Court records say Tenhulzen previously sold investments in 1 Global Capital LLC, a different Florida company alleged to be a Ponzi scheme. Documents filed in the company’s bankruptcy case say that, in the 90 days leading up to its July 2018 bankruptcy, 1 Global Capital paid Tenhulzen some $71,800 in finder’s fees.

However, he has not been accused of any wrongdoing and court records indicate Tenhulzen and other agents have made claims against people related to the company; for instance, the agents say 1 Global Capital’s accounting firm gave them assurances about the efficacy of the business.

Tenhulzen’s Live Wealthy Institute website says that, “we have never lost a dime of our clients’ money.”

  

A Wyoming hemp leader

In more recent times, Tenhulzen has become a significant player in Wyoming’s hemp industry. He acquired the state’s first licenses to grow and process hemp earlier this year and is looking to become the largest hemp processor.

“I’ve always considered myself to be unemployable because I am [an] entrepreneurial type and a risktaker. I have had to recreate myself many times over,” Tenhulzen said in a piece published by Thrive Global this month.

He expressed enthusiasm for hemp’s many uses and said his biggest accomplishment “is what I am doing right now with introducing oats and hemp products.”

“This company could explode,” Tenhulzen said in the Thrive Global piece.
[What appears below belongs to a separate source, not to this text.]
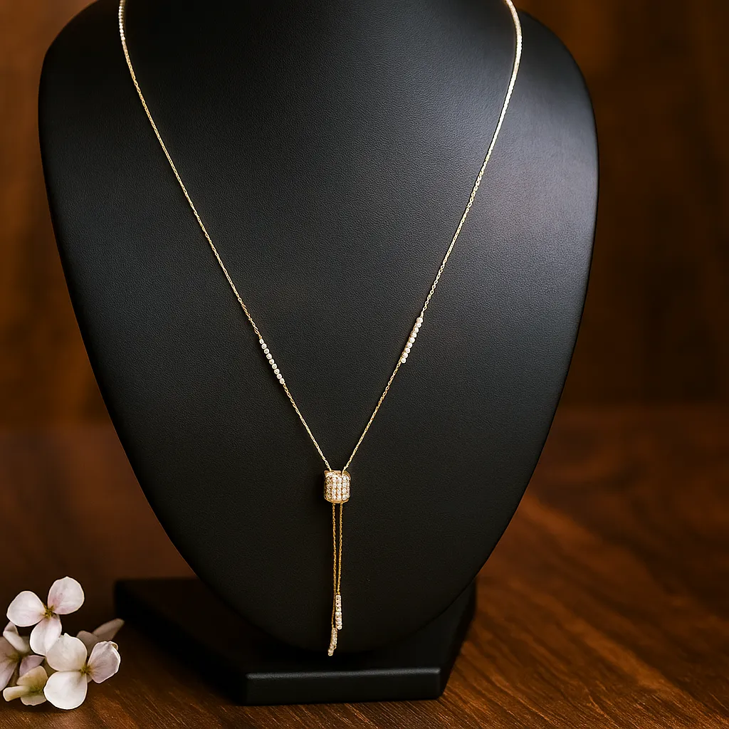 A clover mother-of-pearl pendant necklace in gold polish, designed with sparkling stones and elegant motifs. Each clover charm represents luck and positivity, making it not just jewelry but also a symbolic piece. Its refined craftsmanship makes it an eye-catching accessory suitable for weddings, parties, and everyday wear.

Gluten Free Oats, which also operates as GF Harvest, is in the process of purchasing its building and mill from the City of Powell.

The structures were built with the help of economic development funds from the state government and leased to GF Harvest for about $5,500 per month. The ultimate plan was to sell the properties to the business and in May, GF Harvest co-founder Seaton Smith approached the city council with a proposal for buying the property.

At the time, Smith said the buyout was necessary to secure the private funding needed to grow the business in the highly competitive niche food market. The company would be partnering with Mother’s Hemp Farms (MHF), Smith told the council, to start a new line of foods with hemp ingredients.

Smith didn’t mention that Tenhulzen had purchased the company, but they had split ownership at the beginning of the year, Smith said Friday. By March, they decided it would be best to have ownership under one entity, and Tenhulzen bought out the other half of the company.

Smith said that since the city’s financial relationship is with GF Harvest and not his family, a change in ownership at the company didn’t impact any agreement to buy out the city. There was never any intention, he said, to omit any important information.

Besides giving GF Harvest the cash infusion it needed to grow, Smith said selling the company to MHF allowed the Smiths — including Seaton’s wife Jill and their son Forrest — to be free of administrative tasks and focus their skill sets on aspects of the operation in which they do best. In Seaton Smith’s case, that’s sales.

“It allowed us to focus on what we do best rather than trying to wear 20 hats,” he explained.

As far as the SEC action against Tenhulzen, Seaton Smith said he didn’t see it impacting the company’s plans for the future.

“We’re in it to make the best for Powell that we can,” he said.

GF Harvest and the Smiths are not part of the SEC’s investigation and had no dealings with EquiAlt or 1 Global Capital.

In July, the Powell City Council approved the GF Harvest sale for $742,500, contingent on the business closing on the sale by Dec. 31.